[Records from a collection]
------------------------------------------------------------

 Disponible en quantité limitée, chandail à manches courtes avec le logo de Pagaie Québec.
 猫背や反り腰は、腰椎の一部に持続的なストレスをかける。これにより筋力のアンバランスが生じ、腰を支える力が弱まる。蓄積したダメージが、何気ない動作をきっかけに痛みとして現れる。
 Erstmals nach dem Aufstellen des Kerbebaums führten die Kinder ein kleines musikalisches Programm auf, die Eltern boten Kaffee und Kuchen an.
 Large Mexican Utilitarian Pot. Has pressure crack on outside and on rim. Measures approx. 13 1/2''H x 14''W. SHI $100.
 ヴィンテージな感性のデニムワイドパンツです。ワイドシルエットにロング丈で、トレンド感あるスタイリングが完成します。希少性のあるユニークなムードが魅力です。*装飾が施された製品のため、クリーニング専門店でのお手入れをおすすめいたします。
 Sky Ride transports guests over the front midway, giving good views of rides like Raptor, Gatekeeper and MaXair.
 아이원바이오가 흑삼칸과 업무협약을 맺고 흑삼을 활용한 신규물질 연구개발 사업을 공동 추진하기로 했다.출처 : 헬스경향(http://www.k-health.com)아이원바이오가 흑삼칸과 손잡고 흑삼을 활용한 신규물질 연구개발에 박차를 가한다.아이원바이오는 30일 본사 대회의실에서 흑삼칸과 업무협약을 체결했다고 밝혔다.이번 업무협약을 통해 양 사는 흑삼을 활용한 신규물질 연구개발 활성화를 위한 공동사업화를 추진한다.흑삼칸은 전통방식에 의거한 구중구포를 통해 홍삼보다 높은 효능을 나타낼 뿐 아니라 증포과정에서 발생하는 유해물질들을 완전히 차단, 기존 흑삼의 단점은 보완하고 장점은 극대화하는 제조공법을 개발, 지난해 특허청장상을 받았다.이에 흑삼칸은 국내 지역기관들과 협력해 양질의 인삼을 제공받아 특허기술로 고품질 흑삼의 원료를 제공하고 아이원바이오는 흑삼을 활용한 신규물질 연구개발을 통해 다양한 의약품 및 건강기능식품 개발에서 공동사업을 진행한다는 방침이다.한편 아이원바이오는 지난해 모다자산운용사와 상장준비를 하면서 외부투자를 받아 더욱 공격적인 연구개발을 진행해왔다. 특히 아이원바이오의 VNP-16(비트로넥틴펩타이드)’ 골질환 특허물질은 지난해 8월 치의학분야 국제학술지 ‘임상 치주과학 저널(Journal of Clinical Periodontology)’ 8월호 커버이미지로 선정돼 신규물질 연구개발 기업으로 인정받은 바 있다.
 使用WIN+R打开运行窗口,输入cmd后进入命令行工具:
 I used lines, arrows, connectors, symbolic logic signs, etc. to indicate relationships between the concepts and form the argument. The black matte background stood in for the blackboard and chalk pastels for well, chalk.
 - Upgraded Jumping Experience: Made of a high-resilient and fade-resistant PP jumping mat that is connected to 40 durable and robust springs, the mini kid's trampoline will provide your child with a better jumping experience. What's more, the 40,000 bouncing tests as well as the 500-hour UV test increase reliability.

------------------------------------------------------------

EXERCISE DETAILS ::
Up to and including the line that holds "ヴィンテージな感性のデニムワ", reproduce the records above exactly from their first line, and give nothing else.

EXERCISE ANSWER ::
 Disponible en quantité limitée, chandail à manches courtes avec le logo de Pagaie Québec.
 猫背や反り腰は、腰椎の一部に持続的なストレスをかける。これにより筋力のアンバランスが生じ、腰を支える力が弱まる。蓄積したダメージが、何気ない動作をきっかけに痛みとして現れる。
 Erstmals nach dem Aufstellen des Kerbebaums führten die Kinder ein kleines musikalisches Programm auf, die Eltern boten Kaffee und Kuchen an.
 Large Mexican Utilitarian Pot. Has pressure crack on outside and on rim. Measures approx. 13 1/2''H x 14''W. SHI $100.
 ヴィンテージな感性のデニムワイドパンツです。ワイドシルエットにロング丈で、トレンド感あるスタイリングが完成します。希少性のあるユニークなムードが魅力です。*装飾が施された製品のため、クリーニング専門店でのお手入れをおすすめいたします。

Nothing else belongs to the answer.